PROBLEM DESCRIPTION: Please return the listing below word for word, minus its pictures.

SUPPLIED MATERIAL:

*** Block opens ***

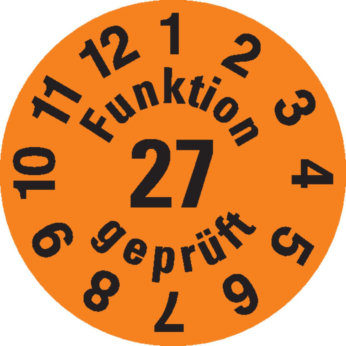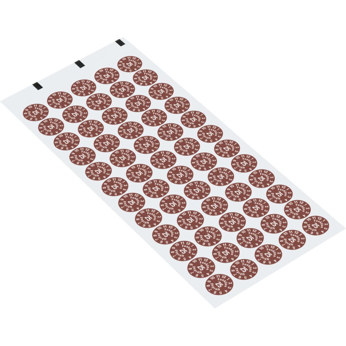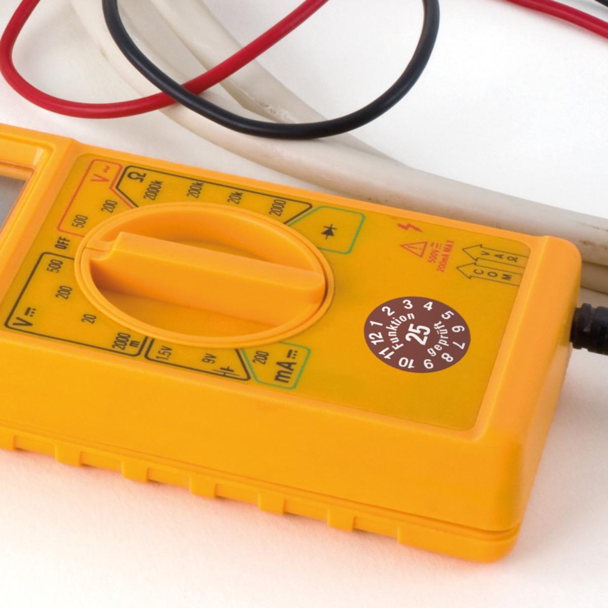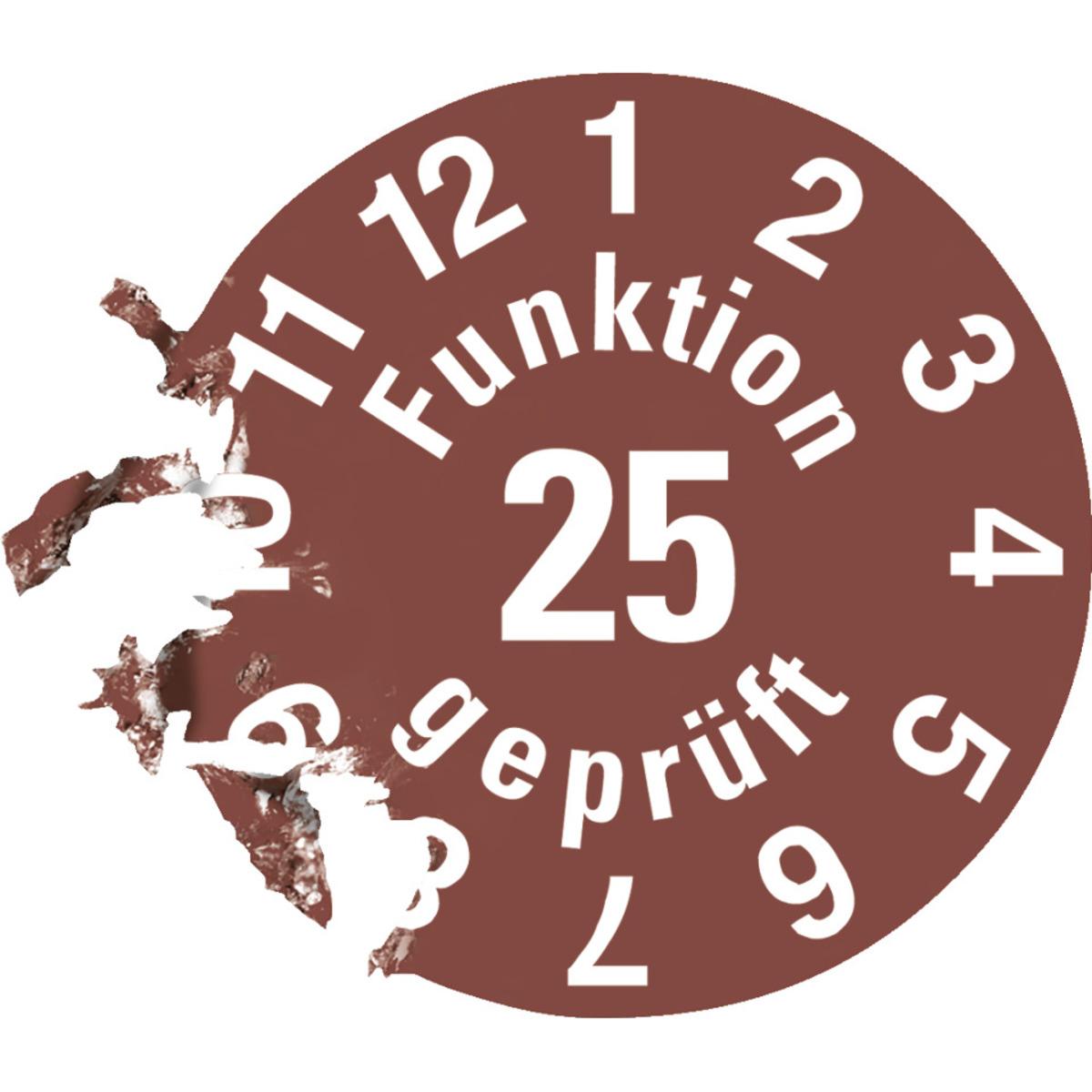Auswahl: Prüfplakette Funktion gepr.25, braun, Dokumentenfolie, selbstkl., Ø 15mm, 60/Bogen
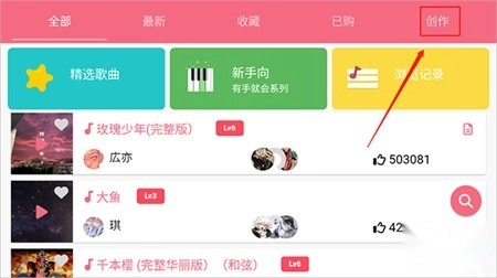 2、在歌曲列表中,切换到“创作”选项卡。
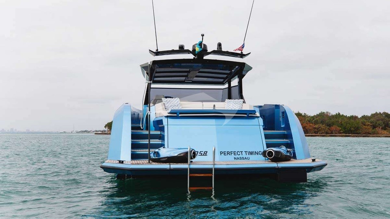Perfect Timing Yacht Charter is a 58' superyacht built by Custom in 2024. She sleeps 2 and holds 1 crew and is located in Caribbean, East Coast United States and Caribbean, East Coast United States. She can be booked for a private luxury charter at a rate of $51,000 per week. Please check with your Denison Charter Specialist for more info.
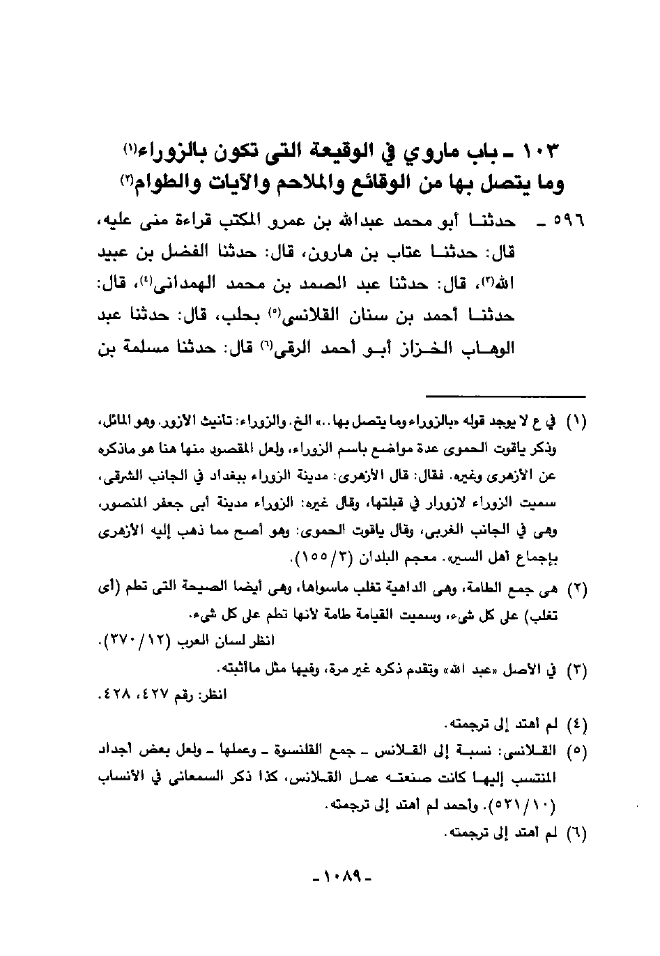 حَدَّثَنَا أَبُو مُحَمَّدٍ عَبْدُ اللَّهِ بْنُ عَمْرٍو الْمُكْتِبُ، قِرَاءَةً مِنِّي عَلَيْهِ، قَالَ: حَدَّثَنَا عَتَّابُ بْنُ هَارُونَ، قَالَ: حَدَّثَنَا الْفَضْلُ بْنُ عُبَيْدِ اللَّهِ، قَالَ: حَدَّثَنَا عَبْدُ الصَّمَدِ بْنُ مُحَمَّدٍ الْهَمْدَانِيُّ، قَالَ: حَدَّثَنَا أَحْمَدُ بْنُ سِنَانٍ الْقَلَانِسِيُّ، بِحَلَبَ، قَالَ: حَدَّثَنَا عَبْدُ الْوَهَّابِ الْخَزَّازُ أَبُو أَحْمَدَ الرَّقِّيُّ، قَالَ: حَدَّثَنَا مَسْلَمَةُ بْنُ -[1090]- ثَابِتٍ، عَنْ عَبْدِ الرَّحْمَنِ، عَنْ سُفْيَانَ الثَّوْرِيِّ، عَنْ قَيْسِ بْنِ مُسْلِمٍ، عَنْ رِبْعِيِّ بْنِ حِرَاشٍ، عَنْ حُذَيْفَةَ، قَالَ: قَالَ رَسُولُ اللَّهِ صَلَّى اللهُ عَلَيْهِ وَسَلَّمَ: «§تَكُونُ وَقْعَةٌ بِالزَّوْرَاءِ» قَالُوا: يَا رَسُولَ اللَّهِ وَمَا الزَّوْرَاءُ؟ قَالَ: " مَدِينَةٌ بِالْمَشْرِقِ بَيْنَ أَنْهَارٍ يَسْكُنُهَا شِرَارُ خَلْقِ اللَّهِ وَجَبَابِرَةٌ مِنْ أُمَّتِي، تُقْذَفُ بِأَرْبَعَةِ أَصْنَافٍ مِنَ الْعَذَابِ: بِالسَّيْفِ، وَخَسْفٍ وَقَذْفٍ وَمَسْخٍ " وَقَالَ صَلَّى اللهُ عَلَيْهِ وَسَلَّمَ: " إِذَا خَرَجَتِ السُّودَانُ طَلَبَتِ الْعَرَبَ يَنْكَشِفُونَ حَتَّى يَلْحَقُوا بِبَطْنِ الْأَرْضِ - أَوْ قَالَ: بِبَطْنِ الْأُرْدُنِّ - فَبَيْنَمَا هُمْ كَذَلِكَ إِذْ خَرَجَ السُّفْيَانِيُّ فِي سِتِّينَ وَثَلَاثِمِائَةِ رَاكِبٍ حَتَّى يَأْتِيَ دِمَشْقَ، فَلَا يَأْتِي عَلَيْهِ شَهْرٌ حَتَّى يُبَايِعَهُ مِنْ كَلْبٍ ثَلَاثُونَ أَلْفًا، فَيَبْعَثُ جَيْشًا إِلَى الْعِرَاقِ، فَيُقْتَلُ بِالزَّوْرَاءِ مِائَةُ أَلْفٍ، وَيَنْحَدِرُونَ إِلَى الْكُوفَةِ فَيَنْهَبُونَهَا، فَعِنْدَ ذَلِكَ تَخْرُجُ دَابَّةٌ مِنَ الْمَشْرِقِ يَقُودُهَا رَجُلٌ مِنْ بَنِي تَمِيمٍ يُقَالُ لَهُ -[1091]- شُعَيْبُ بْنُ صَالِحٍ فَيَسْتَنْقِذُ مَا فِي أَيْدِيهِمْ مِنْ سَبْي أَهْلِ الْكُوفَةِ وَيَقْتُلُهُمْ، وَيَخْرُجُ جَيْشٌ آخَرُ مِنْ جُيُوشِ السُّفْيَانِيِّ إِلَى الْمَدِينَةِ فَيَنْهَبُونَهَا ثَلَاثَةَ أَيَّامٍ ثُمَّ يَسِيرُونَ إِلَى مَكَّةَ، حَتَّى إِذَا كَانُوا بِالْبَيْدَاءِ بَعَثَ اللَّهُ عَزَّ وَجَلَّ جِبْرِيلَ عَلَيْهِ السَّلَامُ فَيَقُولُ: يَا جِبْرِيلُ عَذِّبْهُمْ فَيَضْرِبْهُمْ بِرِجْلِهِ ضَرْبَةً، فَيَخْسِفُ اللَّهُ عَزَّ وَجَلَّ بِهِمْ فَلَا يَبْقَى مِنْهُمْ إِلَّا رَجُلَانِ فَيَقْدَمَانِ عَلَى السُّفْيَانِيِّ فَيُخْبِرَانِهِ خَسْفَ الْجَيْشِ، فَلَا يَهُولُهُ، ثُمَّ إِنَّ رِجَالًا مِنْ قُرَيْشٍ يَهْرُبُونَ إِلَى قُسْطَنْطِينِيَّةَ، فَيَبْعَثُ السُّفْيَانِيُّ إِلَى عَظِيمِ الرُّومِ أَنِ ابْعَثْ إِلَىَّ بِهِمْ فِي الْمَجَامِعِ قَالَ: فَيَبْعَثُ بِهِمْ إِلَيْهِ فَيَضْرِبُ أَعْنَاقَهُمْ عَلَى بَابِ الْمَدِينَةِ بِدِمَشْقَ، قَالَ حُذَيْفَةُ: حَتَّى إِنَّهُ يُطَافُ بِالْمَرْأَةِ فِي مَسْجِدِ دِمَشْقَ فِي الثَّوْبِ عَلَى مَجْلِسٍ مَجْلِسٍ حَتَّى تَأْتِيَ فَخِذَ السُّفْيَانِيِّ فَتَجْلِسُ عَلَيْهِ وَهُوَ فِي الْمِحْرَابِ قَاعِدٌ، فَيَقُومُ رَجُلٌ مِنَ الْمُسْلِمِينَ فَيَقُولُ: وَيْحَكُمْ أَكَفَرْتُمْ بِاللَّهِ بَعْدَ إِيمَانِكُمْ، إِنَّ هَذَا لَا يَحِلُّ، فَيَقُومُ فَيَضْرِبُ عُنُقَهُ فِي مَسْجِدِ دِمَشْقَ، وَيَقْتُلُ -[1092]- كُلَّ مَنْ شَايَعَهُ عَلَى ذَلِكَ، فَعِنْدَ ذَلِكَ يُنَادِي مِنَ السَّمَاءِ مُنَادٍ: أَيُّهَا النَّاسُ إِنَّ اللَّهَ عَزَّ وَجَلَّ قَدْ قَطَعَ عَنْكُمْ مُدَّةَ الْجَبَّارِينَ وَالْمُنَافِقِينَ وَأَشْيَاعِهِمْ وَأَتْبَاعِهِمْ وَوَلَّاكُمْ خَيْرَ أُمَّةِ مُحَمَّدٍ صَلَّى اللهُ عَلَيْهِ وَسَلَّمَ، فَالْحَقُوا بِهِ بِمَكَّةَ فَإِنَّهُ الْمَهْدِيُّ وَاسْمُهُ أَحْمَدُ بْنُ عَبْدِ اللَّهِ، قَالَ حُذَيْفَةُ: فَقَا

*** Block closes ***

OUTPUT:
Auswahl: Prüfplakette Funktion gepr.25, braun, Dokumentenfolie, selbstkl., Ø 15mm, 60/Bogen
 2、在歌曲列表中,切换到“创作”选项卡。
Perfect Timing Yacht Charter is a 58' superyacht built by Custom in 2024. She sleeps 2 and holds 1 crew and is located in Caribbean, East Coast United States and Caribbean, East Coast United States. She can be booked for a private luxury charter at a rate of $51,000 per week. Please check with your Denison Charter Specialist for more info.
 حَدَّثَنَا أَبُو مُحَمَّدٍ عَبْدُ اللَّهِ بْنُ عَمْرٍو الْمُكْتِبُ، قِرَاءَةً مِنِّي عَلَيْهِ، قَالَ: حَدَّثَنَا عَتَّابُ بْنُ هَارُونَ، قَالَ: حَدَّثَنَا الْفَضْلُ بْنُ عُبَيْدِ اللَّهِ، قَالَ: حَدَّثَنَا عَبْدُ الصَّمَدِ بْنُ مُحَمَّدٍ الْهَمْدَانِيُّ، قَالَ: حَدَّثَنَا أَحْمَدُ بْنُ سِنَانٍ الْقَلَانِسِيُّ، بِحَلَبَ، قَالَ: حَدَّثَنَا عَبْدُ الْوَهَّابِ الْخَزَّازُ أَبُو أَحْمَدَ الرَّقِّيُّ، قَالَ: حَدَّثَنَا مَسْلَمَةُ بْنُ -[1090]- ثَابِتٍ، عَنْ عَبْدِ الرَّحْمَنِ، عَنْ سُفْيَانَ الثَّوْرِيِّ، عَنْ قَيْسِ بْنِ مُسْلِمٍ، عَنْ رِبْعِيِّ بْنِ حِرَاشٍ، عَنْ حُذَيْفَةَ، قَالَ: قَالَ رَسُولُ اللَّهِ صَلَّى اللهُ عَلَيْهِ وَسَلَّمَ: «§تَكُونُ وَقْعَةٌ بِالزَّوْرَاءِ» قَالُوا: يَا رَسُولَ اللَّهِ وَمَا الزَّوْرَاءُ؟ قَالَ: " مَدِينَةٌ بِالْمَشْرِقِ بَيْنَ أَنْهَارٍ يَسْكُنُهَا شِرَارُ خَلْقِ اللَّهِ وَجَبَابِرَةٌ مِنْ أُمَّتِي، تُقْذَفُ بِأَرْبَعَةِ أَصْنَافٍ مِنَ الْعَذَابِ: بِالسَّيْفِ، وَخَسْفٍ وَقَذْفٍ وَمَسْخٍ " وَقَالَ صَلَّى اللهُ عَلَيْهِ وَسَلَّمَ: " إِذَا خَرَجَتِ السُّودَانُ طَلَبَتِ الْعَرَبَ يَنْكَشِفُونَ حَتَّى يَلْحَقُوا بِبَطْنِ الْأَرْضِ - أَوْ قَالَ: بِبَطْنِ الْأُرْدُنِّ - فَبَيْنَمَا هُمْ كَذَلِكَ إِذْ خَرَجَ السُّفْيَانِيُّ فِي سِتِّينَ وَثَلَاثِمِائَةِ رَاكِبٍ حَتَّى يَأْتِيَ دِمَشْقَ، فَلَا يَأْتِي عَلَيْهِ شَهْرٌ حَتَّى يُبَايِعَهُ مِنْ كَلْبٍ ثَلَاثُونَ أَلْفًا، فَيَبْعَثُ جَيْشًا إِلَى الْعِرَاقِ، فَيُقْتَلُ بِالزَّوْرَاءِ مِائَةُ أَلْفٍ، وَيَنْحَدِرُونَ إِلَى الْكُوفَةِ فَيَنْهَبُونَهَا، فَعِنْدَ ذَلِكَ تَخْرُجُ دَابَّةٌ مِنَ الْمَشْرِقِ يَقُودُهَا رَجُلٌ مِنْ بَنِي تَمِيمٍ يُقَالُ لَهُ -[1091]- شُعَيْبُ بْنُ صَالِحٍ فَيَسْتَنْقِذُ مَا فِي أَيْدِيهِمْ مِنْ سَبْي أَهْلِ الْكُوفَةِ وَيَقْتُلُهُمْ، وَيَخْرُجُ جَيْشٌ آخَرُ مِنْ جُيُوشِ السُّفْيَانِيِّ إِلَى الْمَدِينَةِ فَيَنْهَبُونَهَا ثَلَاثَةَ أَيَّامٍ ثُمَّ يَسِيرُونَ إِلَى مَكَّةَ، حَتَّى إِذَا كَانُوا بِالْبَيْدَاءِ بَعَثَ اللَّهُ عَزَّ وَجَلَّ جِبْرِيلَ عَلَيْهِ السَّلَامُ فَيَقُولُ: يَا جِبْرِيلُ عَذِّبْهُمْ فَيَضْرِبْهُمْ بِرِجْلِهِ ضَرْبَةً، فَيَخْسِفُ اللَّهُ عَزَّ وَجَلَّ بِهِمْ فَلَا يَبْقَى مِنْهُمْ إِلَّا رَجُلَانِ فَيَقْدَمَانِ عَلَى السُّفْيَانِيِّ فَيُخْبِرَانِهِ خَسْفَ الْجَيْشِ، فَلَا يَهُولُهُ، ثُمَّ إِنَّ رِجَالًا مِنْ قُرَيْشٍ يَهْرُبُونَ إِلَى قُسْطَنْطِينِيَّةَ، فَيَبْعَثُ السُّفْيَانِيُّ إِلَى عَظِيمِ الرُّومِ أَنِ ابْعَثْ إِلَىَّ بِهِمْ فِي الْمَجَامِعِ قَالَ: فَيَبْعَثُ بِهِمْ إِلَيْهِ فَيَضْرِبُ أَعْنَاقَهُمْ عَلَى بَابِ الْمَدِينَةِ بِدِمَشْقَ، قَالَ حُذَيْفَةُ: حَتَّى إِنَّهُ يُطَافُ بِالْمَرْأَةِ فِي مَسْجِدِ دِمَشْقَ فِي الثَّوْبِ عَلَى مَجْلِسٍ مَجْلِسٍ حَتَّى تَأْتِيَ فَخِذَ السُّفْيَانِيِّ فَتَجْلِسُ عَلَيْهِ وَهُوَ فِي الْمِحْرَابِ قَاعِدٌ، فَيَقُومُ رَجُلٌ مِنَ الْمُسْلِمِينَ فَيَقُولُ: وَيْحَكُمْ أَكَفَرْتُمْ بِاللَّهِ بَعْدَ إِيمَانِكُمْ، إِنَّ هَذَا لَا يَحِلُّ، فَيَقُومُ فَيَضْرِبُ عُنُقَهُ فِي مَسْجِدِ دِمَشْقَ، وَيَقْتُلُ -[1092]- كُلَّ مَنْ شَايَعَهُ عَلَى ذَلِكَ، فَعِنْدَ ذَلِكَ يُنَادِي مِنَ السَّمَاءِ مُنَادٍ: أَيُّهَا النَّاسُ إِنَّ اللَّهَ عَزَّ وَجَلَّ قَدْ قَطَعَ عَنْكُمْ مُدَّةَ الْجَبَّارِينَ وَالْمُنَافِقِينَ وَأَشْيَاعِهِمْ وَأَتْبَاعِهِمْ وَوَلَّاكُمْ خَيْرَ أُمَّةِ مُحَمَّدٍ صَلَّى اللهُ عَلَيْهِ وَسَلَّمَ، فَالْحَقُوا بِهِ بِمَكَّةَ فَإِنَّهُ الْمَهْدِيُّ وَاسْمُهُ أَحْمَدُ بْنُ عَبْدِ اللَّهِ، قَالَ حُذَيْفَةُ: فَقَا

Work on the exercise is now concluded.